▶ **Aim of the exercise**
Exact transcription with no images: write out all of the entries below.

=== Supplied material ===

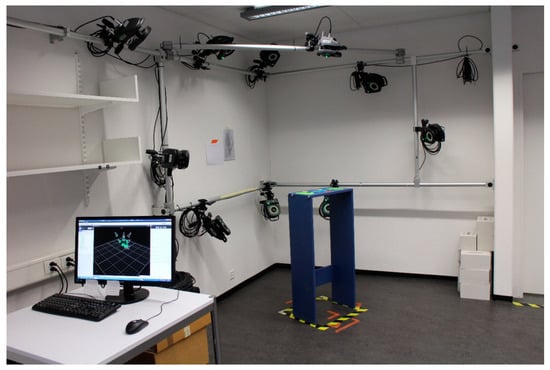 Data was collected with a VICON® motion capture system consisting of eleven infrared cameras, as shown in Figure 1. This corresponds to the number of cameras available to our laboratory and allows good marker visibility in the hand-specific setup. The demonstrated computational model was developed with MATLAB (R2016a, 64-bit, MathWorks, Natick, Massachusetts USA).
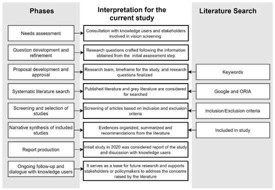 The intention here is to define the necessary preconditions, such as who influences the handling of vision problems, and how technologies can better support their work. To map all involved stakeholders and technologies, we performed this rapid review, following the eight phases defined by Khangura et al. [25] and the process described in Figure 1. The main reason for this approach was the need to bring together knowledge from health, education and technology development, three broad domains and identify essential gaps that needed to be overcome during a limited timeframe. This approach considered the strengths and limitations defined by Gant [29]. One of the main strengths is the possibility of considering these three broad domains in the review. The primary limitations concern possible missed studies and difficulty contrasting them.
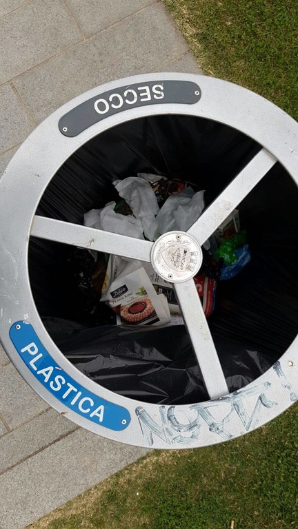 Non solo, segnalazioni anche relativi i cestini dei rifiuti predisposti sì per la raccolta differenziata, ma con un sacchetto unico dove confluiscono tutti i rifiuti (cosa per altro già segnalata a giugno 2015 – vedi articolo)
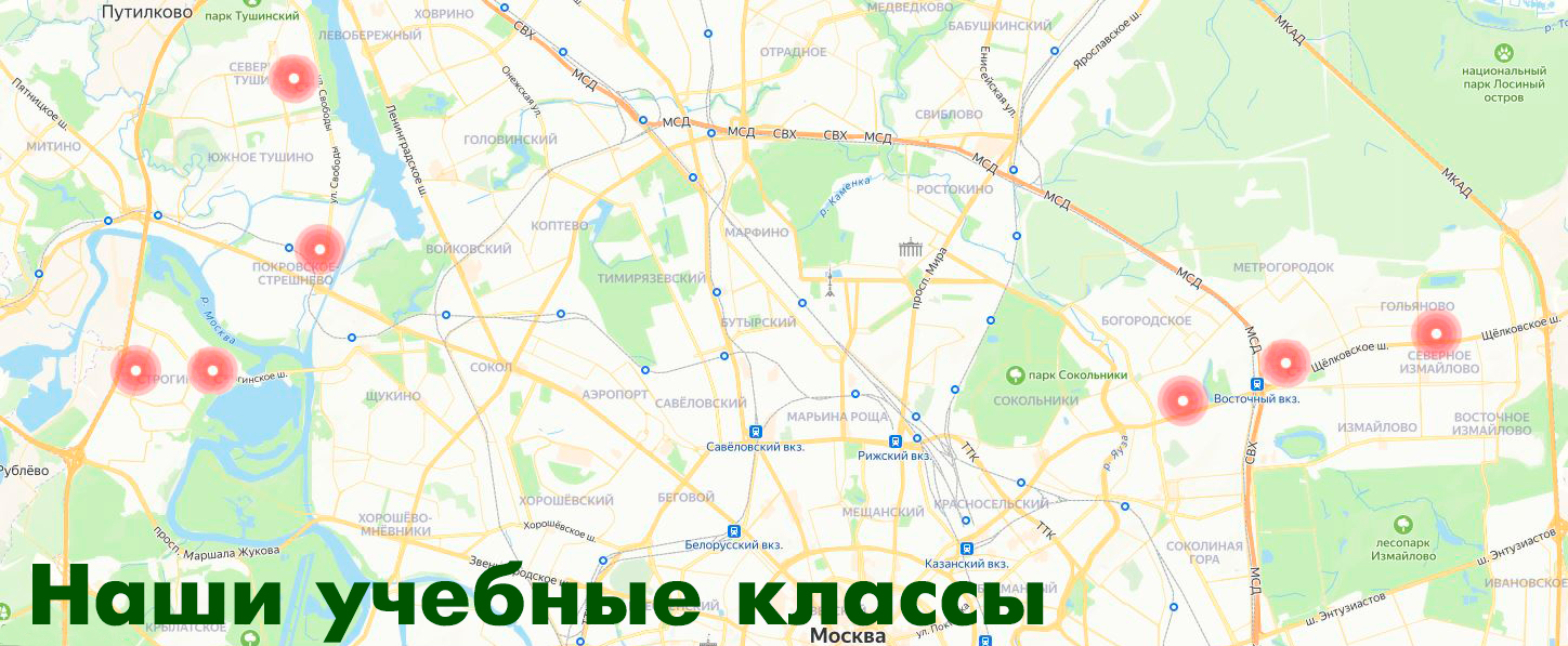Учебные классы нашей автошколы находятся в районе Преображенское (ВАО, метро Преображенская площадь, Бульвар Рокоссовского), в районе Гольяново (ВАО, метро Щелковская), в районе Строгино (СЗАО, метро Строгино), в районе Покровское-Стрешнево (СЗАО, метро Тушинская), в районе Северное-Тушино (СЗАО, метро Сходненская)
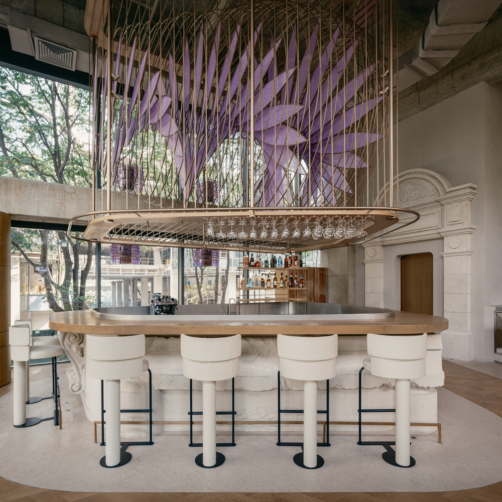 Все начинается с цветочного центра: круглая барная стойка и обеденная стойка открытой кухни образуют единую сцену. Это центральное пространство обеспечивает непрерывное обслуживание на 360 градусов. Посетители, сидящие за стойкой, находятся на расстоянии вытянутой руки от кулинарного действа и непосредственно взаимодействуют с шеф-поварами. Мягкий ореол света вдоль основания барной стойки перекликается с потолочной инсталляцией, создавая эффект погружения в атмосферу. Тактильная отделка бара и прилавков из глины ручной работы напоминает слоистый камень, придавая помещению атмосферу ремесленничества.
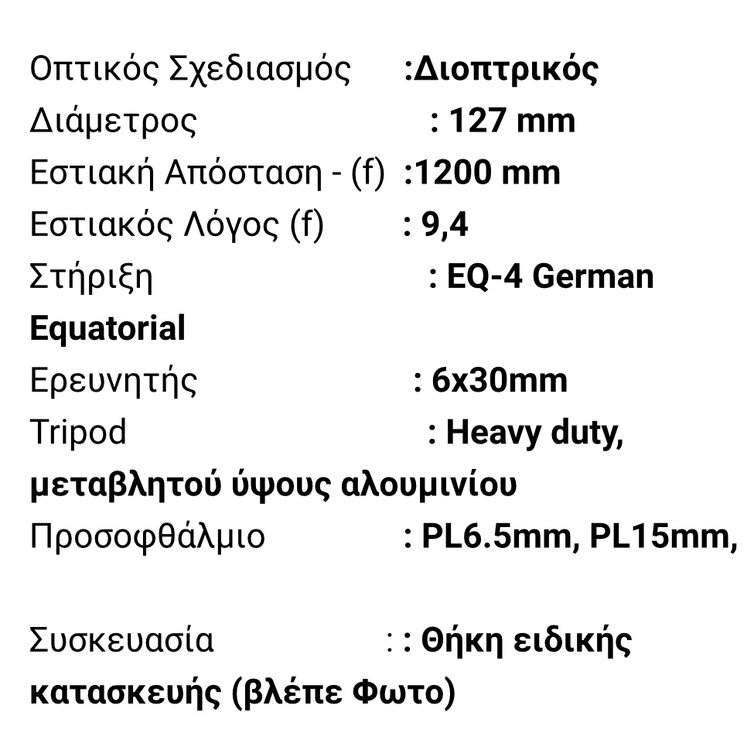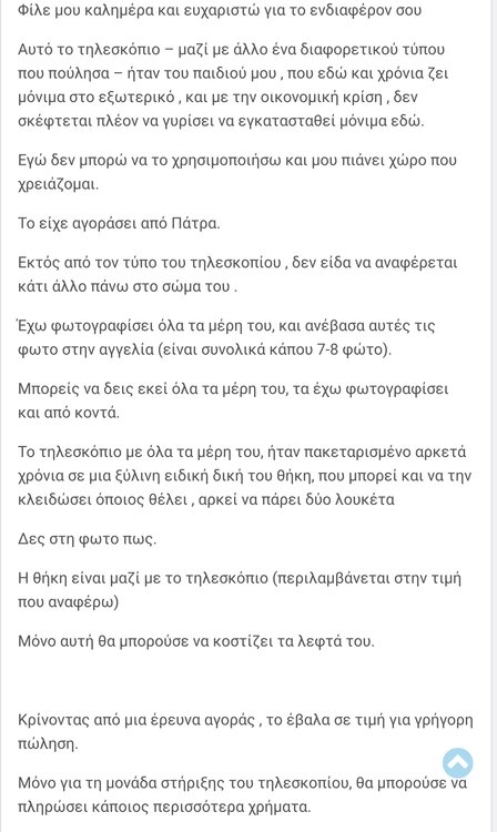 Καλησπέρα, Σκέφτομαι να αγοράσω τηλεσκόπιο, για να εξερευνήσω το διάστημα. Οι σχέσεις μου με την αστρονομία είναι σχεδόν ανύπαρκτες, αν εξαιρέσω ταινίες, σειρές και κάποια βίντεο στο youtube, δεν έχω καμία απολύτως επαφή με αυτόν τον κλάδο. Θα ήθελα όμως να αρχίσω να ασχολούμαι -ερασιτεχνικά φυσικά- ξεκινώντας με την αγορά ενός τηλεσκοπίου και γιατί όχι στο μέλλον να αναβαθμίσω τον εξοπλισμό μου για να έχω την δυνατότητα να ασχοληθώ και με την αστροφωτογραφία ( αν υπάρχει αυτή η λέξη ) διάφορων νεφελωμάτων κτλ. Έκανα μια ερώτηση τις προάλλες που αφορούσε το τι θα μπορώ να βλέπω με ένα τηλεσκόπιο των 200 ευρώ από την Αθήνα, και μου απαντήσατε πως οι δυνατότητες είναι περιορισμένες λόγω φωτορύπανσης και άλλον παραγόντων - εδώ βέβαια έχω να προσθέσω πως έχω εξωχικό στο Βραχάτι, Κόρινθο, όπου εκεί η φωτορύπανση είναι μειωμένη, οπότε πιστεύω πως μάλλον θα έχω καλύτερη ορατότητα -. Βρήκα λοιπόν ένα μεταχειρισμένο τηλεσκόπιο στην τιμή των 200 ευρώ και θα ήθελα να μου πείτε αν αξίζει ( και πόσο υπολογίζετε να κάνει καινούριο ), αν όχι θα ήθελα να μου προτείνετε ένα αξιόλογο καινούριο στην ίδια τιμή. Παρακάτω αφήνω τις φωτογραφίες από την αγγελία

===

▶ **Answer area**
 Data was collected with a VICON® motion capture system consisting of eleven infrared cameras, as shown in Figure 1. This corresponds to the number of cameras available to our laboratory and allows good marker visibility in the hand-specific setup. The demonstrated computational model was developed with MATLAB (R2016a, 64-bit, MathWorks, Natick, Massachusetts USA).
 The intention here is to define the necessary preconditions, such as who influences the handling of vision problems, and how technologies can better support their work. To map all involved stakeholders and technologies, we performed this rapid review, following the eight phases defined by Khangura et al. [25] and the process described in Figure 1. The main reason for this approach was the need to bring together knowledge from health, education and technology development, three broad domains and identify essential gaps that needed to be overcome during a limited timeframe. This approach considered the strengths and limitations defined by Gant [29]. One of the main strengths is the possibility of considering these three broad domains in the review. The primary limitations concern possible missed studies and difficulty contrasting them.
 Non solo, segnalazioni anche relativi i cestini dei rifiuti predisposti sì per la raccolta differenziata, ma con un sacchetto unico dove confluiscono tutti i rifiuti (cosa per altro già segnalata a giugno 2015 – vedi articolo)
Учебные классы нашей автошколы находятся в районе Преображенское (ВАО, метро Преображенская площадь, Бульвар Рокоссовского), в районе Гольяново (ВАО, метро Щелковская), в районе Строгино (СЗАО, метро Строгино), в районе Покровское-Стрешнево (СЗАО, метро Тушинская), в районе Северное-Тушино (СЗАО, метро Сходненская)
 Все начинается с цветочного центра: круглая барная стойка и обеденная стойка открытой кухни образуют единую сцену. Это центральное пространство обеспечивает непрерывное обслуживание на 360 градусов. Посетители, сидящие за стойкой, находятся на расстоянии вытянутой руки от кулинарного действа и непосредственно взаимодействуют с шеф-поварами. Мягкий ореол света вдоль основания барной стойки перекликается с потолочной инсталляцией, создавая эффект погружения в атмосферу. Тактильная отделка бара и прилавков из глины ручной работы напоминает слоистый камень, придавая помещению атмосферу ремесленничества.
 Καλησπέρα, Σκέφτομαι να αγοράσω τηλεσκόπιο, για να εξερευνήσω το διάστημα. Οι σχέσεις μου με την αστρονομία είναι σχεδόν ανύπαρκτες, αν εξαιρέσω ταινίες, σειρές και κάποια βίντεο στο youtube, δεν έχω καμία απολύτως επαφή με αυτόν τον κλάδο. Θα ήθελα όμως να αρχίσω να ασχολούμαι -ερασιτεχνικά φυσικά- ξεκινώντας με την αγορά ενός τηλεσκοπίου και γιατί όχι στο μέλλον να αναβαθμίσω τον εξοπλισμό μου για να έχω την δυνατότητα να ασχοληθώ και με την αστροφωτογραφία ( αν υπάρχει αυτή η λέξη ) διάφορων νεφελωμάτων κτλ. Έκανα μια ερώτηση τις προάλλες που αφορούσε το τι θα μπορώ να βλέπω με ένα τηλεσκόπιο των 200 ευρώ από την Αθήνα, και μου απαντήσατε πως οι δυνατότητες είναι περιορισμένες λόγω φωτορύπανσης και άλλον παραγόντων - εδώ βέβαια έχω να προσθέσω πως έχω εξωχικό στο Βραχάτι, Κόρινθο, όπου εκεί η φωτορύπανση είναι μειωμένη, οπότε πιστεύω πως μάλλον θα έχω καλύτερη ορατότητα -. Βρήκα λοιπόν ένα μεταχειρισμένο τηλεσκόπιο στην τιμή των 200 ευρώ και θα ήθελα να μου πείτε αν αξίζει ( και πόσο υπολογίζετε να κάνει καινούριο ), αν όχι θα ήθελα να μου προτείνετε ένα αξιόλογο καινούριο στην ίδια τιμή. Παρακάτω αφήνω τις φωτογραφίες από την αγγελία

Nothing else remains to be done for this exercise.